Vinton County baseball falls 11-1 at River Valley in conference play
River Valley handed Vinton County an 11-1 road loss, and the Vikings’ five-hit afternoon dropped them to 5-6 with conference pressure building.

River Valley sent Vinton County home with an 11-1 Tri-Valley Conference Ohio Division loss in Bidwell, a result that did more than add a mark to the ledger. It dropped the Vikings to 5-6 and showed how much tighter the margin gets when a conference game turns into a one-sided road afternoon.
Vinton County managed only five hits. Kole Ousley had two of them, while Jase Moore, Wes Channell and David Northum each added one. That was not enough to threaten River Valley, and the lack of sustained offense left the Vikings chasing the game before they could build any momentum.
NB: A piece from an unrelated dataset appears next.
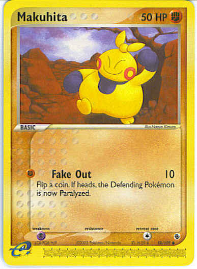 Type | Fighting | Pokemon serie | Ruby Sapphire | Stadie | Basic | HP | 50 | Sjældenhed | Common | Tilbagetrækning | 1 | Svaghed | P | Kortnummer | 58 | Evne | [F] Fake Out (10) Flip a coin. If heads, the Defending Pokemon is now Paralyzed.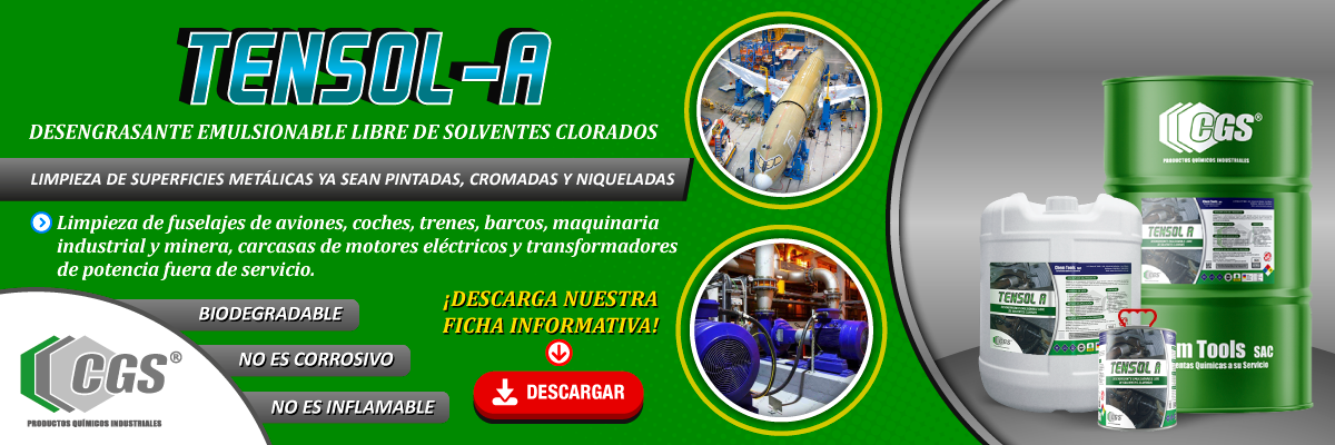 | Descripción Larga: | TENSOL-A, es un desengrasante emulsionable en agua, fabricado a base de una mezcla de solventes biodegradables y aditivos surfactantes, capaz de eliminar especialmente grasas, borras y/o derivados del petróleo, que se acumulan principalmente en los tanques de almacenamiento de crudo, y en los derrames que ocurren en las refinerías, así como en la limpieza de borras y grasas en todo tipo de pisos y equipos mecánicos. TENSOL-A, puede ser usado puro, mezclado con solventes o emulsionado con agua disolviendo y eliminando grasas, hollín, carbón y suciedades apelmazadas. |

The loss carries added weight because Vinton County had already shown it could handle River Valley. On April 8 in McArthur, the Vikings opened TVC-Ohio play with a 7-0 win over the Raiders, and Donovan Holcomb went 3-for-4 with three RBIs, including the game-winning RBI. The split with River Valley now underscores a bigger question for Vinton County: which version of the offense will show up the rest of the way, the one that produced a shutout home win or the one that stalled in Bidwell?

That question matters because the season began with expectations that this group could absorb setbacks and keep competing. In a March 24 preview, Jake Brown called the 2026 team seasoned and experienced, and The Telegram News noted that Vinton County returned a strong core and had five pitchers, giving the staff flexibility. Wyatt Channell was identified as a senior anchoring that pitching group, a sign that the Vikings had enough experience to navigate the spring.
For Vinton County, the challenge now is turning that experience into consistency on the road in league play. The Vikings had recently improved to 5-4 after a 10-0 win over Wellston, but the 11-1 final in Bidwell served as a reminder that conference standings can swing quickly. It also echoed an 11-1 district-tournament loss to McClain last spring, another lopsided result that showed how hard it is to recover when the bats go quiet and the game gets away early.